À partir de ces analyses, les chercheurs ont pu calculer un score de risque polygénique, qui combine les effets de toutes les variantes génomiques pour prédire la tension artérielle et le risque d’hypertension. Ces scores de risque prennent en compte les variantes génomiques qui confèrent un risque d’hypertension et révèlent des différences cliniquement significatives entre les tensions artérielles des personnes.

Les scores de risque polygénique ont le potentiel de constituer un outil utile en médecine de précision, mais des données génomiques plus diversifiées sont nécessaires pour qu’ils soient largement applicables aux soins de santé de routine. Alors que les données collectées provenaient principalement de personnes d’ascendance européenne (en raison de la disponibilité limitée de divers ensembles de données au début de l’étude), les chercheurs ont constaté que les scores de risque polygénique étaient également applicables aux personnes d’ascendance africaine, ce qui a été confirmé par l’analyse des données de NIH Nous tous Programme de recherche, un effort national visant à créer l’une des plus grandes ressources de données biomédicales et à accélérer la recherche pour améliorer la santé humaine.

Aux États-Unis, près de la moitié des adultes souffrent d’hypertension artérielle, appelée hypertension. L’hypertension artérielle est souvent héréditaire, ce qui signifie qu’il existe une composante génétique dans le développement de la maladie, en plus des contributions environnementales telles qu’un régime riche en sel, le manque d’exercice, le tabagisme et le stress.
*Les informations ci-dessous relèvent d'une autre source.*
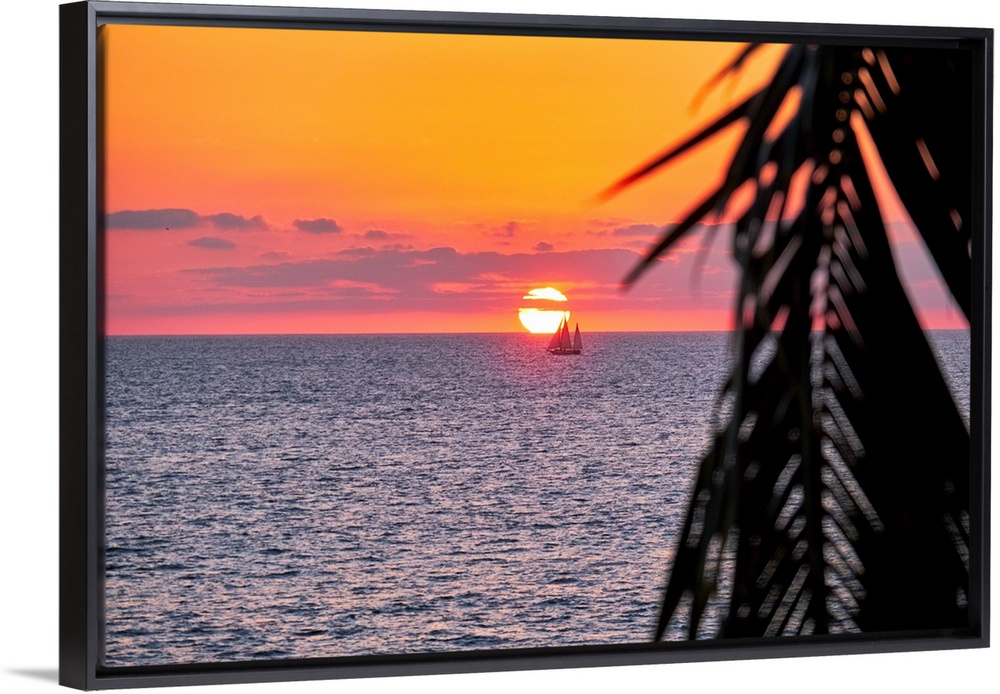 <p>A photo of sun setting behind a boat on water in Puerto Vallarta, Mexico with a palm tree leaf on the right.</p>
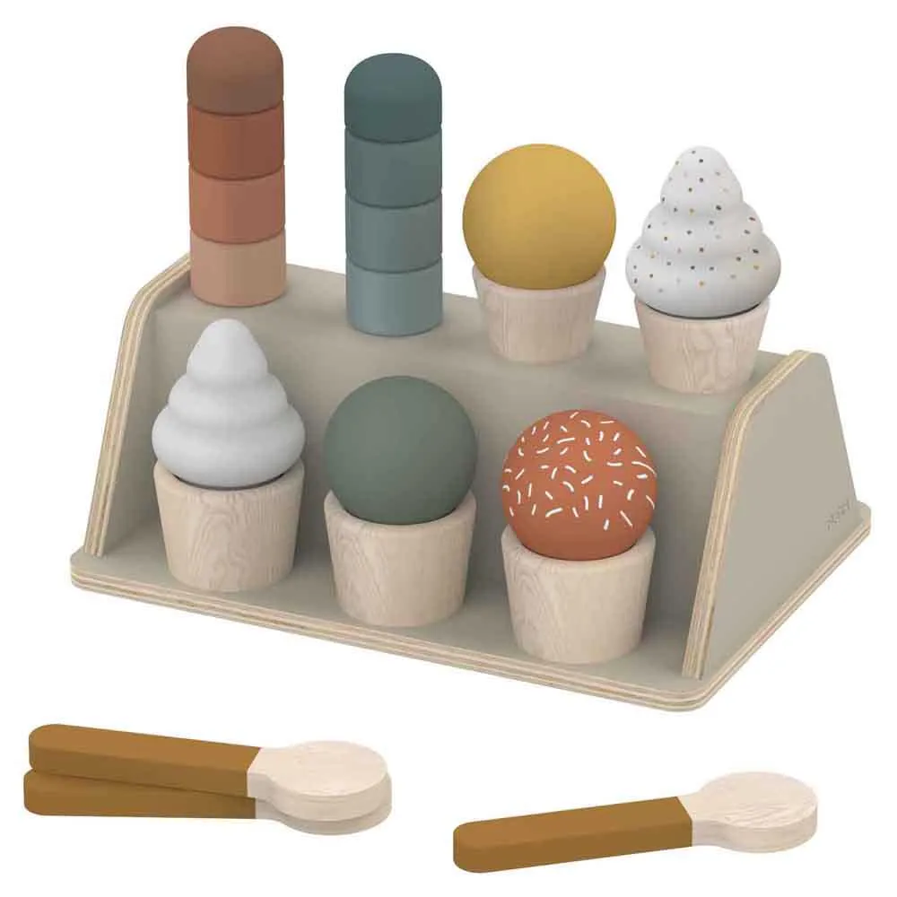 Avec ce service à crème glacée en bois naturel, votre enfant pourra servir des glaces pendant les chaudes journées d´été et se démarquer devant le magasin de jouets en jouant le rôle d´un généreux marchand de glaces.
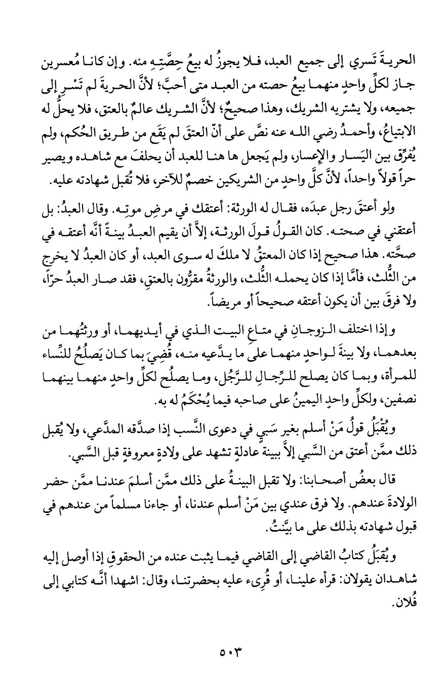 الحرية تسري إلى جميع العبد, فلا يجوز له بيع حصته منه. وإن كانا معسرين جاز لكل واحد منهما بيع حصته من العبد متى أحب؛ لأن الحرية لم تسر إلى جميعه, ولا يشتريه الشريك, وهذا صحيح؛ لأن الشريك عالم بالعتق, فلا يحل له الابتياع, وأحمد رضي الله عنه نص على أن العتق لم يقع من طريق الحكم, ولم يفرق بين اليسار والإعسار, ولم يجعل ها هنا للعبد أن يحلف مع شاهده ويصير حرا قولا واحدا, لأن كل واحد من الشريكين خصم للآخر, فلا تقبل شهادته عليه.
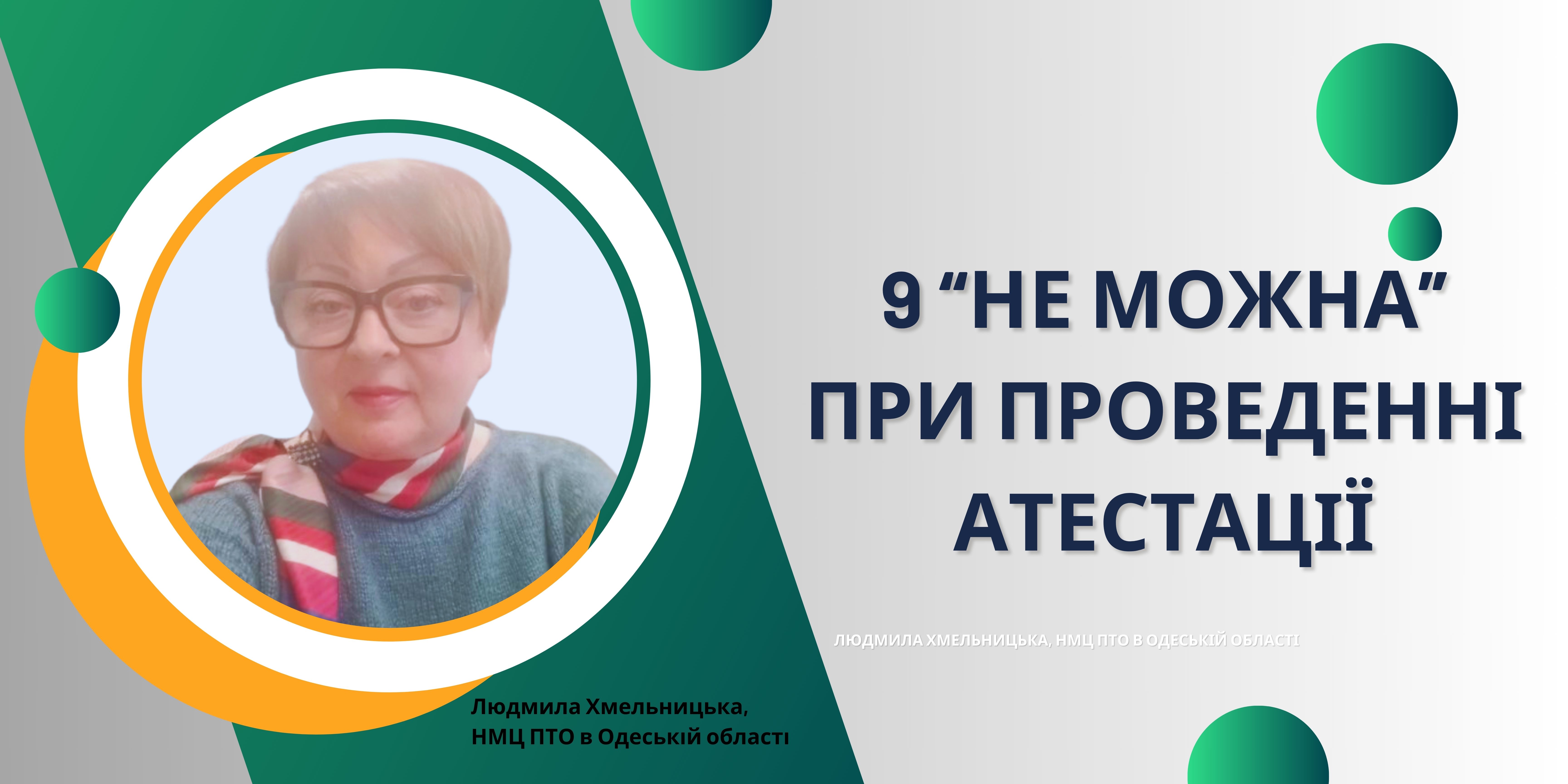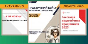 - “9 не можна” під час проведення атестації. Цей пункт стосувався найважливіших помилок та порушень, яких слід уникати під час проведення атестації педагогічних працівників. Учасники обговорили конкретні ситуації та приклади з практики.
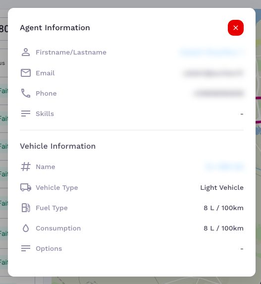 From the route detail, you can access the detail of the vehicle and agent in charge of this route by clicking the dedicated button.
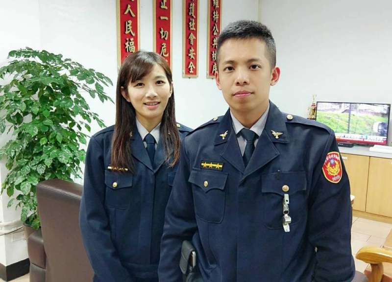 ▼新娘和新郎在桃園大園警分局大園派出所結識,女方剛進入派出所實習時人生地不熟,多虧有男方細心照顧,而能快速地融入職場環境。而後,兩人在工作上互相扶持,感情逐漸升溫。俊男美女的組合,讓收到喜帖的同事們為他們拍手叫好。
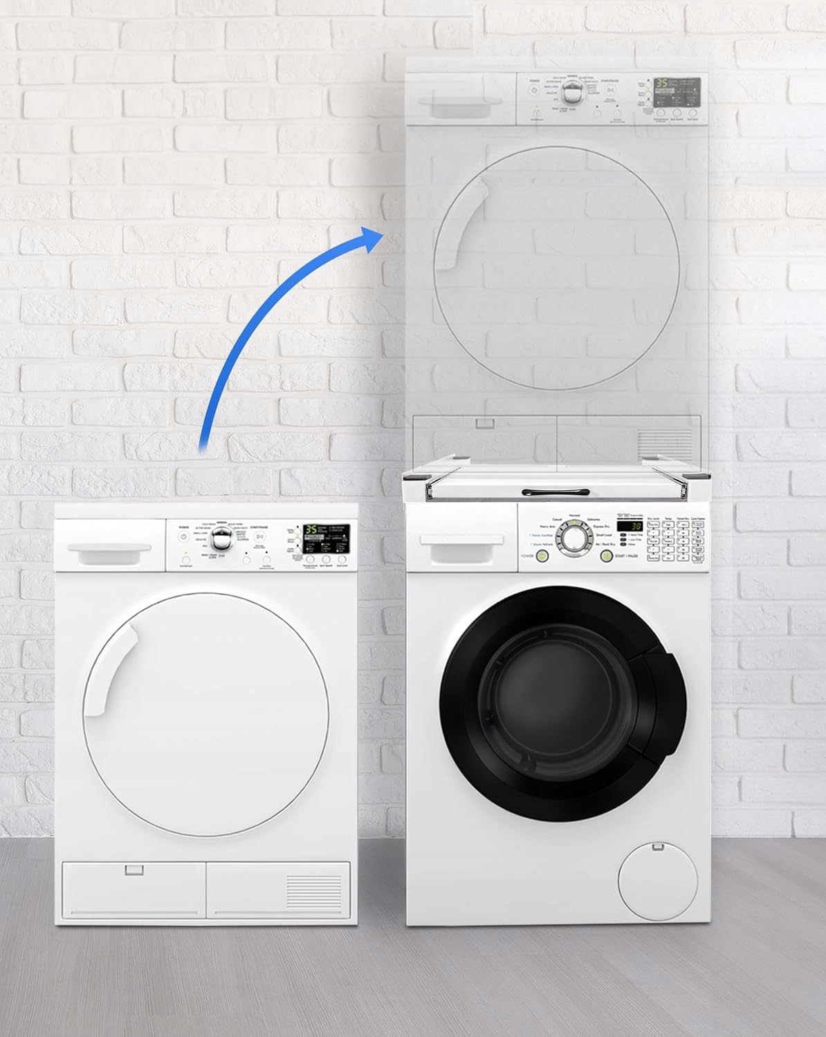 ✅Промежуточная рама, экономящая место: Промежуточная рама позволяет размещать сушильные и стиральные машины вертикально, чтобы максимально увеличить пространство. Дополнительно в комплект входят банджи-шнуры и противоскользящие коврики для обеспечения устойчивости промежуточной рамы при вертикальном монтаже устройств.
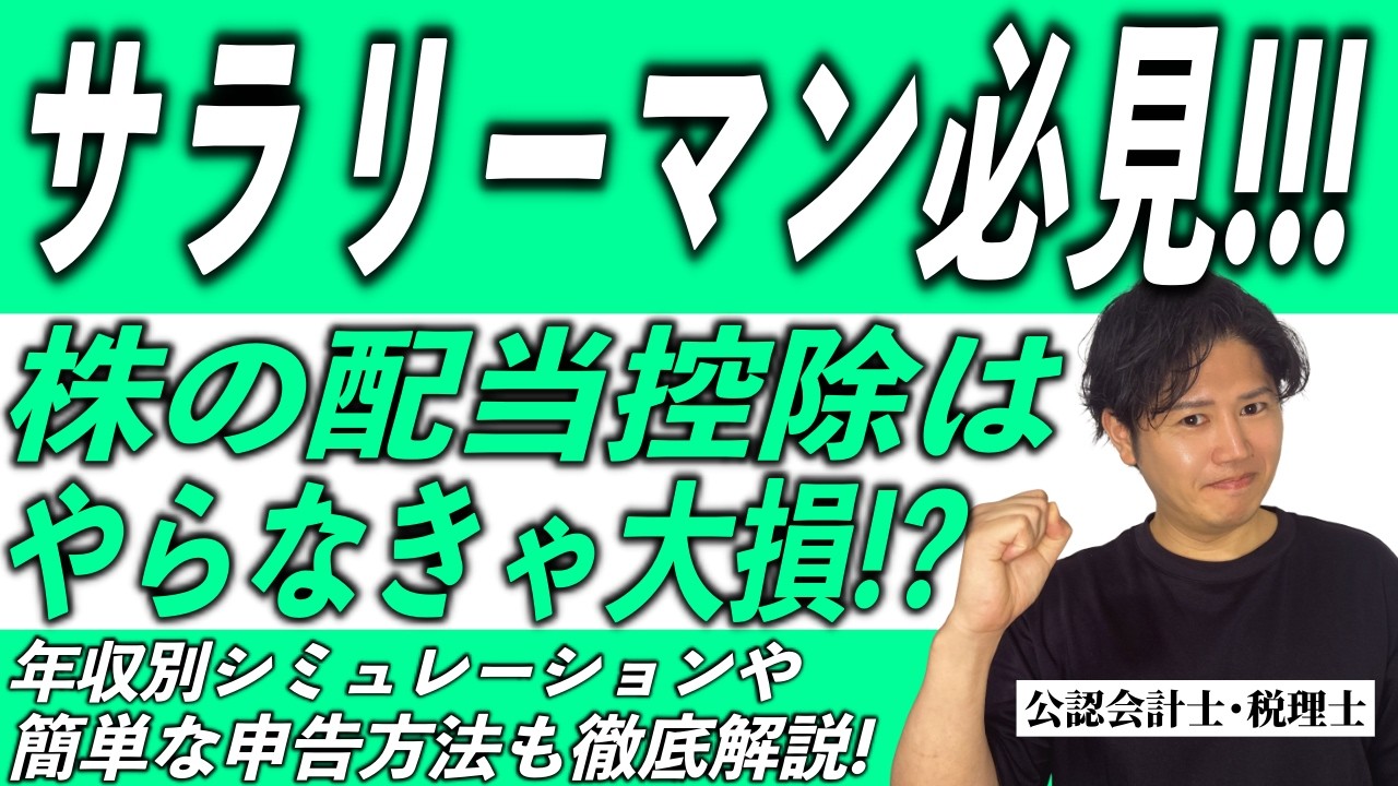 続きを読むこんにちは!公認会計士・税理士の小松ゆうまです! サラリーマンや個人事業主で株の配当を受け取っている方必見、配当控除の有利不利から自分でできる簡単な申告方法まで税理士がわかりやすく解説します。 0:00 ダイジェスト 0...
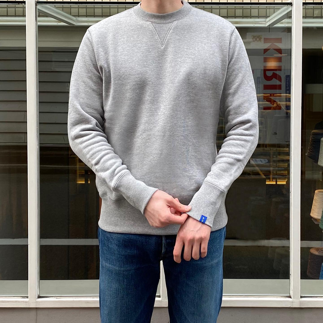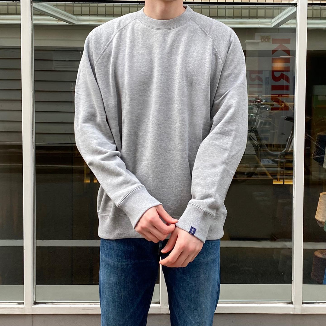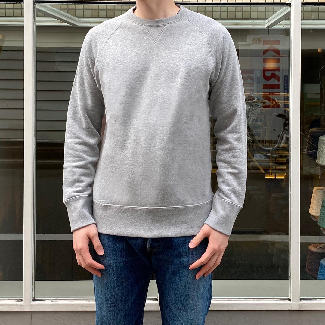 縫い目の無い丸胴、首元の両Vガゼット、長めの袖リブなど、ループウィラーらしい正統派ディテールが特徴。
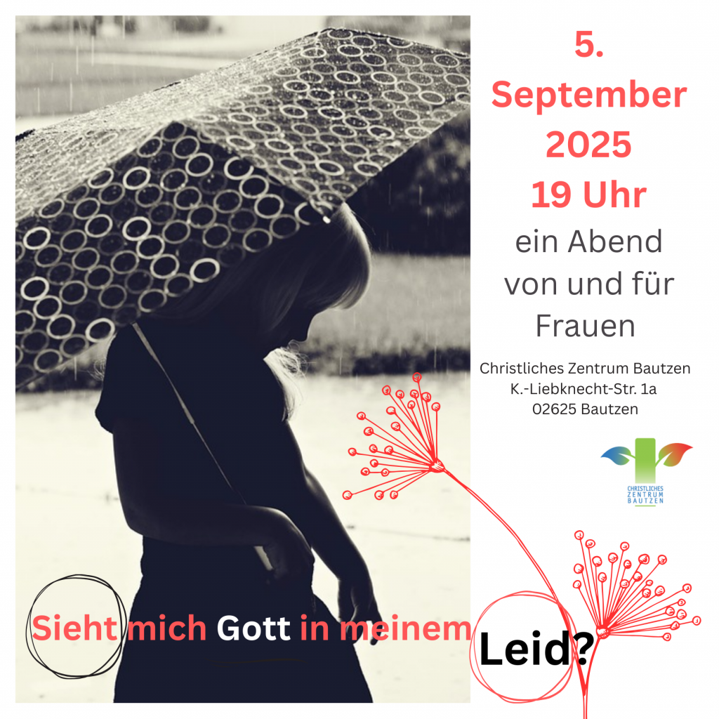 Plötzlich ist das Leben tragisch auf den Kopf gestellt, kein Halt mehr – oder doch? Stürme des Lebens machen nicht vor uns halt. Wir wollen gemeinsam auf die Suche nach Antworten gehen – mit Kirstin Kreuzritter (Dresden) und Iris Leister (Meißen)
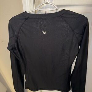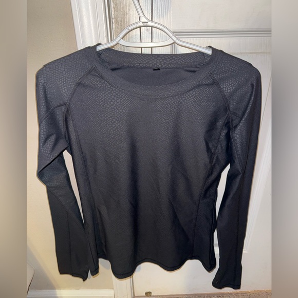 Black women's long sleeve performance top with a subtle textured pattern. Lightweight, breathable fabric for all-day comfort. Slim, flattering fit ideal for workouts or casual wear. Easy to care for and versatile for layering.
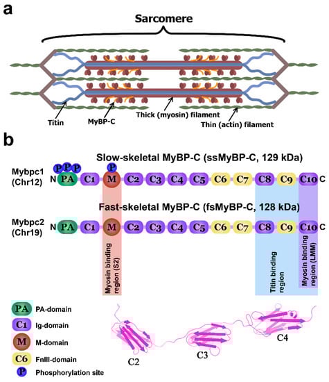 - Ackermann, M.A.; Kontrogianni-Konstantopoulos, A. Myosin binding protein-C slow: An intricate subfamily of proteins. J. Biomed. Biotechnol. 2010, 2010, 652065. [Google Scholar] [CrossRef] [PubMed]

Lorsque la pression artérielle est constamment trop élevée, elle peut endommager le cœur et les vaisseaux sanguins dans tout le corps, augmentant ainsi le risque de maladie cardiaque, de maladie rénale, d’accident vasculaire cérébral et d’autres affections.

Le projet a été dirigé par des chercheurs du NHGRI en collaboration avec l’Université Queen Mary de Londres, le centre médical de l’Université Vanderbilt de Nashville, Tennessee, l’Université de Groningen aux Pays-Bas et d’autres institutions, dans le cadre du Consortium international sur la pression artérielle. Plus de 140 chercheurs provenant de plus de 100 universités, instituts et agences gouvernementales ont contribué à cette étude internationale.

L’Institut national de recherche sur le génome humain (NHGRI) est l’un des 27 instituts et centres du NIH, une agence du ministère de la Santé et des Services sociaux. La Division de recherche intra-muros du NHGRI développe et met en œuvre des technologies pour comprendre, diagnostiquer et traiter les maladies génomiques et génétiques. Des informations supplémentaires sur NHGRI peuvent être trouvées à l’adresse suivante : https://www.genome.gov/.

À propos des National Institutes of Health (NIH) :Le NIH, l’agence nationale de recherche médicale, comprend 27 instituts et centres et fait partie du ministère américain de la Santé et des Services sociaux. Le NIH est la principale agence fédérale qui mène et soutient la recherche médicale fondamentale, clinique et translationnelle, et étudie les causes, les traitements et les remèdes pour les maladies courantes et rares. Pour plus d’informations sur le NIH et ses programmes, visitez www.nih.gov.